On the other hand, Andy Taylor was right there every day after school when I got home and tuned into Mayberry, which I did every single day. By the time I was a teenager, I had seen every episode — even the in-color ones — so many times that I could recite entire scenes from memory, driving my mother crazy.
“I don’t see what is so funny about that Barney Fife,” she would say, and I would snort in disbelief for a response.
Don Knotts, as Barney, was not just funny. He was a comic genius, and he won five Emmys in his role as Sheriff Andy Taylor’s deputy. Incredibly, Andy Griffith himself not only failed to win a single Emmy for playing Andy Taylor — he was never even nominated. Andy was so good and so natural in the role that voters may have just thought he was playing himself and taken him for granted.
But I and other fans of the show never took Andy for granted. If Don Knotts provided most of the comedy in the show, Andy Griffith was its moral center, its conscience, its soul. Sheriff Taylor was no saint — he had a few issues with women and it seemed he was always underestimating Opie — but he was fundamentally a good man, a loyal friend, self-deprecating, as able to be silly as to be brave, and above all else, an amazing father.

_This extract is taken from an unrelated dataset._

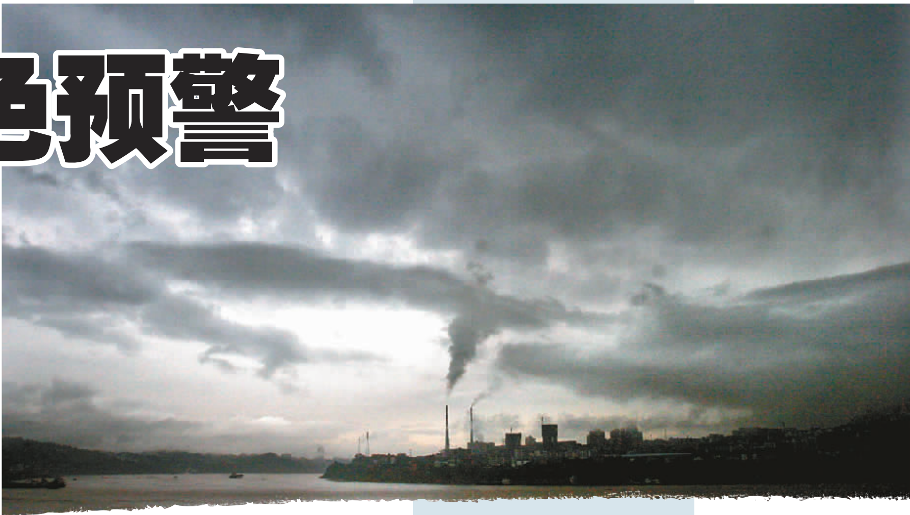
强气流笼罩主城上空

前天白天到昨日傍晚,主城核心区域雨量达到惊人的266.6毫米——一个突破气象历史记录数值,超过了200毫米的特大暴雨定义。
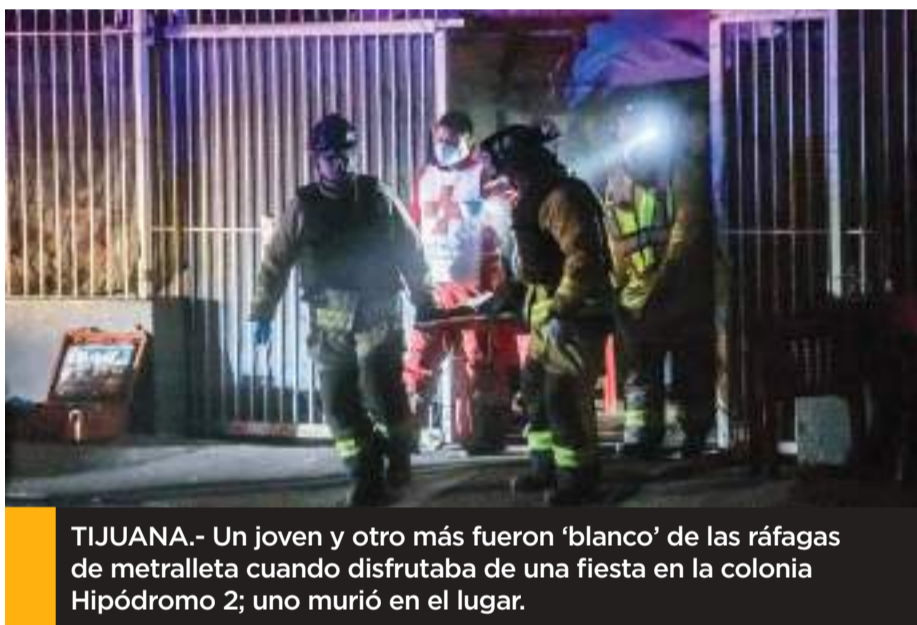
TIJUANA.- Un joven y otro más fueron 'blanco' de las ráfagas de metrallera cuando disfrutaba de una fiesta en la colonia Hipódromo 2; uno murió en el lugar.

calizados alrededor de 30 cartuchos percutidos de arma larga, los cuales fueron detonados por varios sujetos que hasta el momento lograron huir;

One of the show’s most popular episodes is one of its least humorous — “Opie the Birdman” — in which Opie kills a bird with his new slingshot and then discovers he has killed a mother with babies left to chirp pitifully just outside his bedroom window. Andy forces Opie to listen to the chirping that night, and then Opie raises the baby birds until they are able to fly. It is a profoundly moving episode and a great metaphor for parenting. Since Andy is also raising Opie without a mother, there is an ever-present echo reverberating throughout the episode. Opie wonders, as Andy surely must, if he is “doing it right,” whether the birds will be able to fly when they are supposed to. Will Opie be able to fly when he is supposed to? For a parent, this is life’s most terrifying question.

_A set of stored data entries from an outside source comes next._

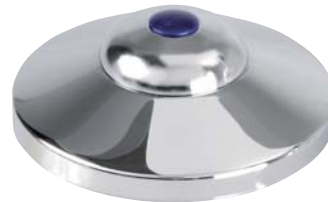
KEMPER Steckschlüsseloberteil Figur 591
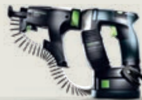
DURADRIVE DWC 18-4500 csavarbehajtók szárazépítési munkákhoz
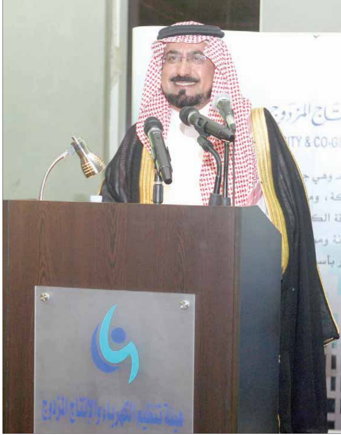
الدكتور عبد الله الشهري محافظ هيئة الكهرباء والإنتاج المزدوج بالسعودية
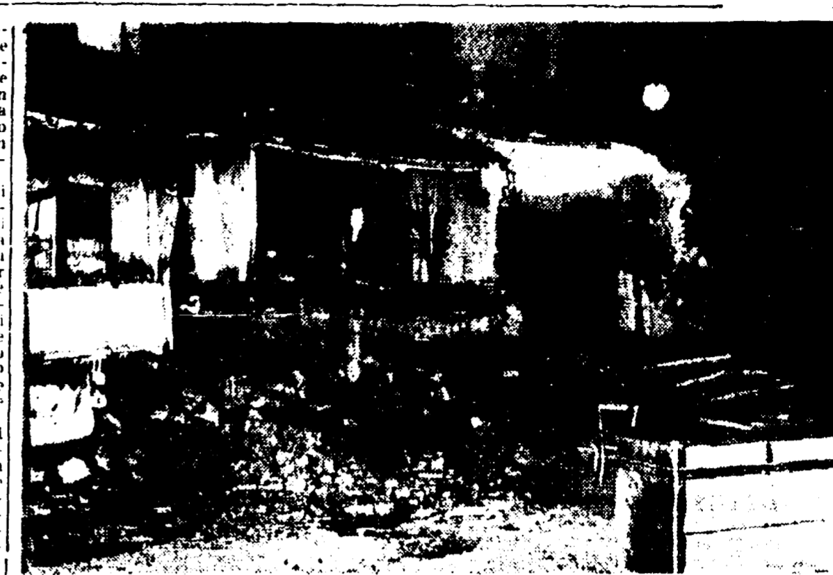
Una delle baracche distrutte dal crollo del muraglione

Investita dai calcinacci, una madre che stava allattando il suo bambino è riuscita a dare l'allarme - La pioggia e i lavori di sterro hanno provocato la frana
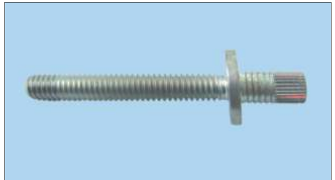
Tornillo a presión
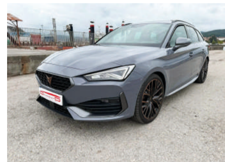
CUPRA LEON ST VZ 2.0 TSI 221kW 300 CV DSG Año 2023 | 7.000 Km
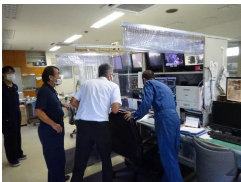
焼却炉のデータ確認
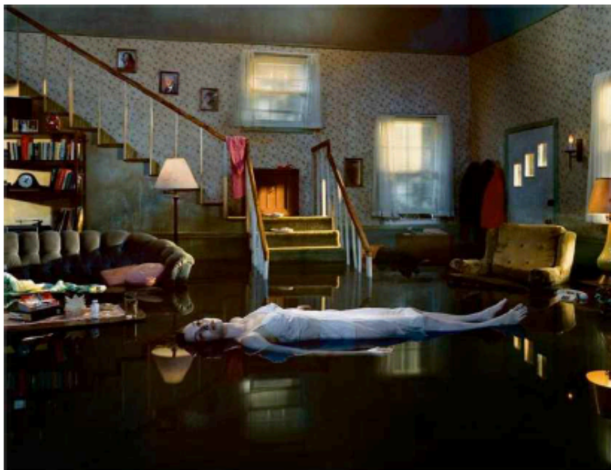
Untitled (1999-2002).
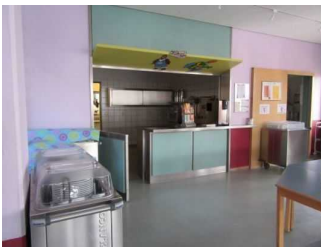
Speiseraum Jugendherberge Mardorf
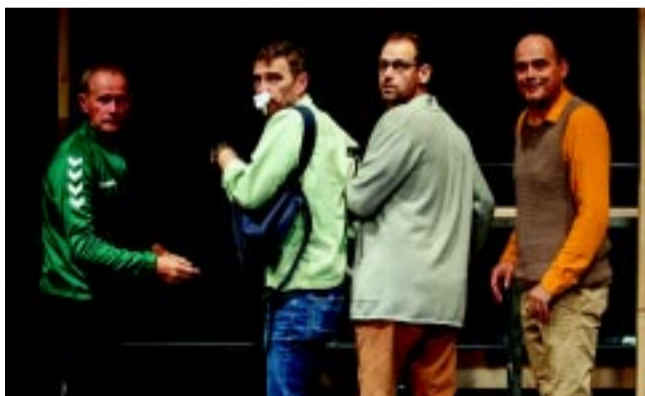
Kép a „Még egy kört mindenkinek” című előadásból, amelyet az Orlai Produkciós Iroda mutat be augusztus 24-én 20 órától a Rózsakert Szabadtéri Színpadon
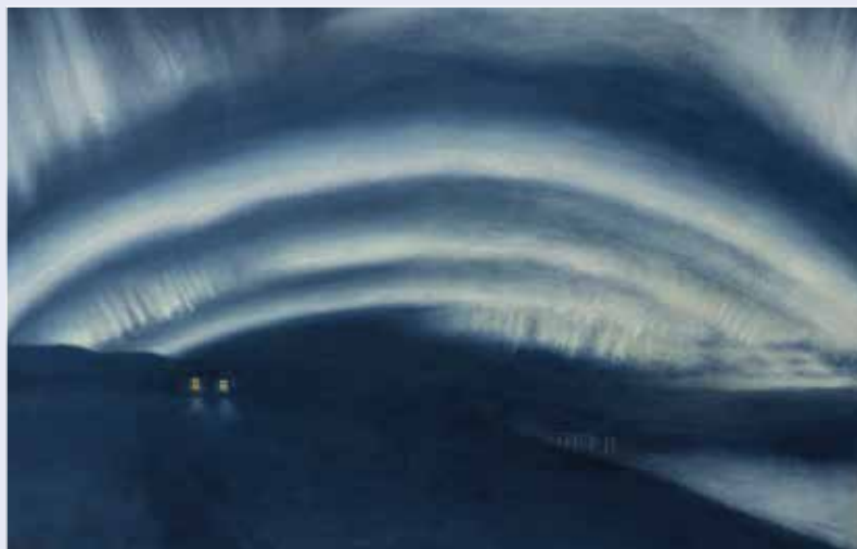
Island, 1. september, 1899

Den Hirschsprungske Samling har modtaget 14 værker af kunstneren Harald Moltke fra Danmarks Meteorologiske Institut. Værkerne viser Nordlys på Island i 1899.
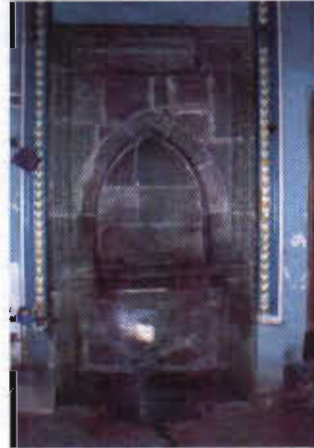
Şekil 9: Erzurum B.Ceylan Evinde Kurun-Çeşme
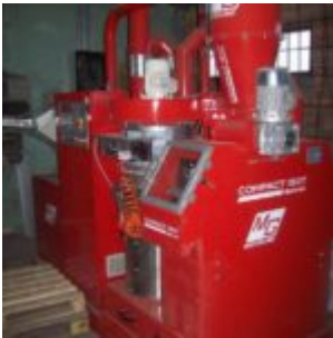
MG Compact 150T
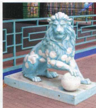
В дендропарке пока памятников нет, но их роль успешно выполняет вот этот симпатичный лев, очень популярный среди детишек!

Еще по 8% голосов досталось идеям памятников дворнику и интеллекту, 5% — памятнику пешеходу, а остальные голоса разделились между памятниками чиновнику, Ильину как символу жадности, а также Ильину как личности, причастной к съемкам в городе сериала «Синдром Дракона». Наверное, для хохмы и лучшего результата надо было
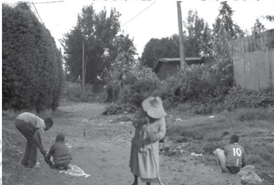
ስእሊ 5.7 ብዓርሶ ተበግሶ ግልጋሎት ምሃብ
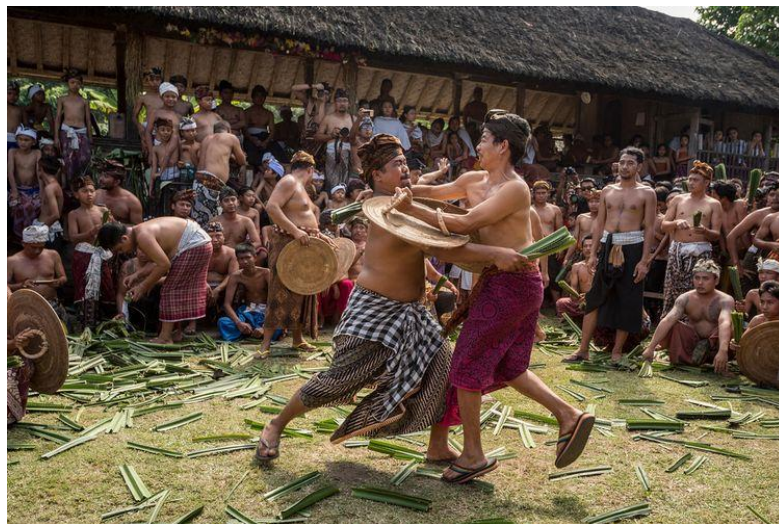
Gambar 1.3 Tradisi Perang Pandan

Tradisi ini dilakukan dengan cara bertarung satu sama lain dengan membawa senjata berupa daun pandan berduri dan juga tameng sebagai perlindungan. Peserta tradisi mekare-kare ini akan saling bergulat untuk melukai lawannya sampai berdarah. Tradisi ini sesungguhnya berkaitan dengan upacara keagamaan di desa ini yakni ngusaba sambah yang salah satu rangkaianannya adalah mekare-kare sebagai upacara korban atau disebut sebagai tabuh rah . Masyarakat Tenganan percaya bahwa darah yang mengalir dari tubuh penari merupakan simbol persembahan suci kepada Dewa Indra (Dewa Perang) (Darmana, 2017).

Andy frequently assumed a parental role with Barney, too. I have always been especially fond of those episodes in which Andy either compels or coaxes Barney, who is prone to cowardice, to confront and overcome his fears. Andy shows more patience with Barney’s boasting and occasional know-it-all behavior because he understands that these are weaknesses that Barney uses to cover over his insecurity and lack of self-esteem. So many episodes are funny, but also have an element of Andy helping Barney find his way. He’s preparing him to fly, just like he is preparing Opie to fly.
I like to think he was preparing me to fly, too. I learned so many things from watching “The Andy Griffith Show.” The importance of charity, of being honest, of standing up to bullies and of never becoming one myself, of studying hard without sacrificing the fun in life, of being kind, of being loyal, of being just. I once read that there is a lawyer who uses the show to argue cases before a jury, which I thought was stroke of genius, since the show is sort of an Aesop’s Fables of the television age and a can’t miss winner in Southern states.
I cannot remember the number of times over the years that I have used the show as a conversation starter with strangers. I have at least a handful of friendships that began because of a mutual love of the show, and some that are sustained by it. One of those friends greets me every time I see him with a line from the show, and I respond with one. He especially likes me to do the bit where Barney explains the Emancipation Proclamation or recites the preamble to the Constitution. I’ll ask him which episode he saw last, and we will discuss that for 10 minutes. Or which of Andy’s girlfriends we would have chosen to marry, and why. Or which of the in-color episodes, if any, can stand among the black-and-whites. If you like “The Andy Griffith Show,” chances are pretty good we’d get along just fine and dandy.
When Andy Griffith died last week at the age of 86, I found that I had somehow been preparing for it just as I had prepared for my father’s death nearly 12 years ago, with a strange mixture of dread and gratitude for his enduring and incalculable influence. To my surprise, the first image that came to mind when I heard the news that Andy was gone was the iconic image that opens every show: Andy and Opie walking to the fishing hole, poles on their shoulders, holding hands, Opie skipping stones, Andy guiding him every step of the way.
Thanks for your guidance, Andy. Thanks for your humanity and decency. Thanks for the laughs. Thanks for being there every day. Thanks for everything.